14 Fitts duly reported the 16 corresponding values of error rate. That other dependent variable, although reasonably low on average (1.8%), correlates with T (r = .82), casting a doubt on the validity of T (Crossman, Citation1956; Soukoreff & MacKenzie, Citation2004). However, to take error rates into account—e.g., by trying to adjust the T—would take us too far off the focus of this paper and so we will leave them aside, as Fitts (Citation1954) did himself.
15 Taking into account the minute (roughly linear) effect of S on both the scaling coefficient a and the exponent b of the power function of Equation 5, a rather complicated two-DoF model obtains: log T = log (0.15 + 0.0014 S) + (0.4217 ‒0.0027 S) log F, and the improvement of the fit is quite negligible, the r² progressing only from .988 to .992.

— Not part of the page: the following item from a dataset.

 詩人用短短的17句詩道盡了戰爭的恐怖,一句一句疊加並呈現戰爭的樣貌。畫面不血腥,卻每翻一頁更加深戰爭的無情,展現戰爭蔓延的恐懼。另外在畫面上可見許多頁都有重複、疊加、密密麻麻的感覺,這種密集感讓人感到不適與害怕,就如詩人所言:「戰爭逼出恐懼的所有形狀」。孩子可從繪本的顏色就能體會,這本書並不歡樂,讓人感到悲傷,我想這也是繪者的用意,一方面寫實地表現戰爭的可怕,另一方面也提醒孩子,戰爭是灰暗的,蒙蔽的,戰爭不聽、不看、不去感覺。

16 One of the most influential Fitts' law studies in the HCI domain is MacKenzie (Citation1991). In his Exp. 1 the author ran a comparative experimental evaluation of three popular input devices (the mouse, the digitizing tablet, and the trackball) for two aimed-movement tasks (pointing vs. dragging). Fortunately, for one of his six conditions (mouse pointing), MacKenzie reported his data in detailed tabular form (Table 9, p. 87), making it possible to visualize the influence of scale on performance by plotting mean T as a function of S, with F (or the ID) as a parameter, as in Figures 4, 7, and 11 above. As could be expected, the pattern is nicely U-shaped with quite some converging evidence that the optimum was located at about 10 cm—a fact of potential relevance in the context under consideration. The effect of scale was small in size and there was no F * S interaction, and so the outcome was essentially the same as that obtained by Fitts in his tapping experiment. Unfortunately, the author did not inquire into the possibility of comparing his three input devices in terms of the performance vs. scale function, and for lack of the appropriate numerical tables there is no way to check.

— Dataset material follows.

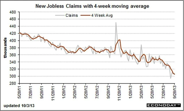 Počet nových žádostí o podporu v nezaměstnanosti v minulém týdnu vzrostl o pouhý tisíc na 308 tisíc. Analytici očekávali, že počet nových žádostí o podporu v nezaměstnanosti vzroste na 315 tisíc. Předchozí údaj byl revidován mírně výše na 307 z 305 tisíc. Počet pokračujících žádostí o podporu vzrostl v týdnu do 21. září na 2,925 milionu z 2,821 milionu v předchozím týdnu (revidováno z 2,823 milionu). Čtyřtýdenní průměr spadl o 3 750 na 305 tisíc (předchozí týden revidován na 308 750 z 308 tisíc), nejníže od května 2007.

17 Taking the viewpoint of practitioners of Fitts' law in HCI and holding tight to the one-DoF polar understanding of the Fitts paradigm, Soukoreff and MacKenzie (Citation2004, p. 768) have proposed a conventional criterion, justified by past experience, for deciding whether or not an experiment has corroborated Fitts' law. A normal fit, they suggested, is one with typically r ≥ .9, meaning r² = .81. Using this criterion all three experiments of Fitts (Citation1954) are corroborations of Fitts' law (see Figure 1).
18 Revisiting the data of Abrams, Meyer, and Kornblum (Citation1989), Guiard (in preparation) has found that the coefficient of variation of the saccade to visual targets ranges from about 10% up to about 25%. These values should be compared for example with the 0%–12% range found by Guiard et al. (Citation2011) in a hand-movement experiment especially designed to encourage their participants to explore their full spectrum of speed/accuracy strategies.